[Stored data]
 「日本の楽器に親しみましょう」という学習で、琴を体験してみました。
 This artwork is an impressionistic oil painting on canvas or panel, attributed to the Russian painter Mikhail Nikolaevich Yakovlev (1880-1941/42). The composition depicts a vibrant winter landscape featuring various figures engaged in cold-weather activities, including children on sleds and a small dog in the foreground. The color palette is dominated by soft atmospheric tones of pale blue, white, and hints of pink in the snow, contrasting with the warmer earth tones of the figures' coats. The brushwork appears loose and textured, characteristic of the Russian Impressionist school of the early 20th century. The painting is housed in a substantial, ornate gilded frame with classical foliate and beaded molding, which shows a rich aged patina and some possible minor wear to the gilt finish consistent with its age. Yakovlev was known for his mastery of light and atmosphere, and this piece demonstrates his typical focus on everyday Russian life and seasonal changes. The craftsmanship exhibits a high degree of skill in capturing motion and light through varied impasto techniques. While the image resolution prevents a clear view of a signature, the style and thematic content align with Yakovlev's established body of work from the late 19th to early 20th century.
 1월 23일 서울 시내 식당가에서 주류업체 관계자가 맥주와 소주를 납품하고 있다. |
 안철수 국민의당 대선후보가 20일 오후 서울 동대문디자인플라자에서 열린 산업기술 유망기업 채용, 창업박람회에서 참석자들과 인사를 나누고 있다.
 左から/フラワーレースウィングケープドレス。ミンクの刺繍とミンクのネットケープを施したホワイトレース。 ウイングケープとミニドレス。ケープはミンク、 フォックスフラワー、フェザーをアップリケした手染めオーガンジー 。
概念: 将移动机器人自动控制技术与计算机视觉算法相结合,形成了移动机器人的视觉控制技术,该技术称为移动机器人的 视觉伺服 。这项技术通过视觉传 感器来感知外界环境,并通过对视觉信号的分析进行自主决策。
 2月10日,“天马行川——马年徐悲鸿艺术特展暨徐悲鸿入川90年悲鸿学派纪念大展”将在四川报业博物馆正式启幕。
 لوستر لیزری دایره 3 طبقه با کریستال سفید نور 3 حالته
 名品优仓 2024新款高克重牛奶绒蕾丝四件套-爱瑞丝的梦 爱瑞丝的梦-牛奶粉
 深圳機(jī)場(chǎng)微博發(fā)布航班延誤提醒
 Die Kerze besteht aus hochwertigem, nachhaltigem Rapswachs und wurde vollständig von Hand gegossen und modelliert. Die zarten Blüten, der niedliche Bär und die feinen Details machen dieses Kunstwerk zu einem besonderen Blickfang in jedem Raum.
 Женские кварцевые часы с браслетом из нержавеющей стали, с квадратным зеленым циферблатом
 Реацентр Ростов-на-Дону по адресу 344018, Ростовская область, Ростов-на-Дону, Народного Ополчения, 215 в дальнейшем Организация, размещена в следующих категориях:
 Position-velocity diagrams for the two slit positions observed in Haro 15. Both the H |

Directions:
Without any alteration, repeat each entry shown above.

Result of this exercise:
 「日本の楽器に親しみましょう」という学習で、琴を体験してみました。
 This artwork is an impressionistic oil painting on canvas or panel, attributed to the Russian painter Mikhail Nikolaevich Yakovlev (1880-1941/42). The composition depicts a vibrant winter landscape featuring various figures engaged in cold-weather activities, including children on sleds and a small dog in the foreground. The color palette is dominated by soft atmospheric tones of pale blue, white, and hints of pink in the snow, contrasting with the warmer earth tones of the figures' coats. The brushwork appears loose and textured, characteristic of the Russian Impressionist school of the early 20th century. The painting is housed in a substantial, ornate gilded frame with classical foliate and beaded molding, which shows a rich aged patina and some possible minor wear to the gilt finish consistent with its age. Yakovlev was known for his mastery of light and atmosphere, and this piece demonstrates his typical focus on everyday Russian life and seasonal changes. The craftsmanship exhibits a high degree of skill in capturing motion and light through varied impasto techniques. While the image resolution prevents a clear view of a signature, the style and thematic content align with Yakovlev's established body of work from the late 19th to early 20th century.
 1월 23일 서울 시내 식당가에서 주류업체 관계자가 맥주와 소주를 납품하고 있다. |
 안철수 국민의당 대선후보가 20일 오후 서울 동대문디자인플라자에서 열린 산업기술 유망기업 채용, 창업박람회에서 참석자들과 인사를 나누고 있다.
 左から/フラワーレースウィングケープドレス。ミンクの刺繍とミンクのネットケープを施したホワイトレース。 ウイングケープとミニドレス。ケープはミンク、 フォックスフラワー、フェザーをアップリケした手染めオーガンジー 。
概念: 将移动机器人自动控制技术与计算机视觉算法相结合,形成了移动机器人的视觉控制技术,该技术称为移动机器人的 视觉伺服 。这项技术通过视觉传 感器来感知外界环境,并通过对视觉信号的分析进行自主决策。
 2月10日,“天马行川——马年徐悲鸿艺术特展暨徐悲鸿入川90年悲鸿学派纪念大展”将在四川报业博物馆正式启幕。
 لوستر لیزری دایره 3 طبقه با کریستال سفید نور 3 حالته
 名品优仓 2024新款高克重牛奶绒蕾丝四件套-爱瑞丝的梦 爱瑞丝的梦-牛奶粉
 深圳機(jī)場(chǎng)微博發(fā)布航班延誤提醒
 Die Kerze besteht aus hochwertigem, nachhaltigem Rapswachs und wurde vollständig von Hand gegossen und modelliert. Die zarten Blüten, der niedliche Bär und die feinen Details machen dieses Kunstwerk zu einem besonderen Blickfang in jedem Raum.
 Женские кварцевые часы с браслетом из нержавеющей стали, с квадратным зеленым циферблатом
 Реацентр Ростов-на-Дону по адресу 344018, Ростовская область, Ростов-на-Дону, Народного Ополчения, 215 в дальнейшем Организация, размещена в следующих категориях:
 Position-velocity diagrams for the two slit positions observed in Haro 15. Both the H |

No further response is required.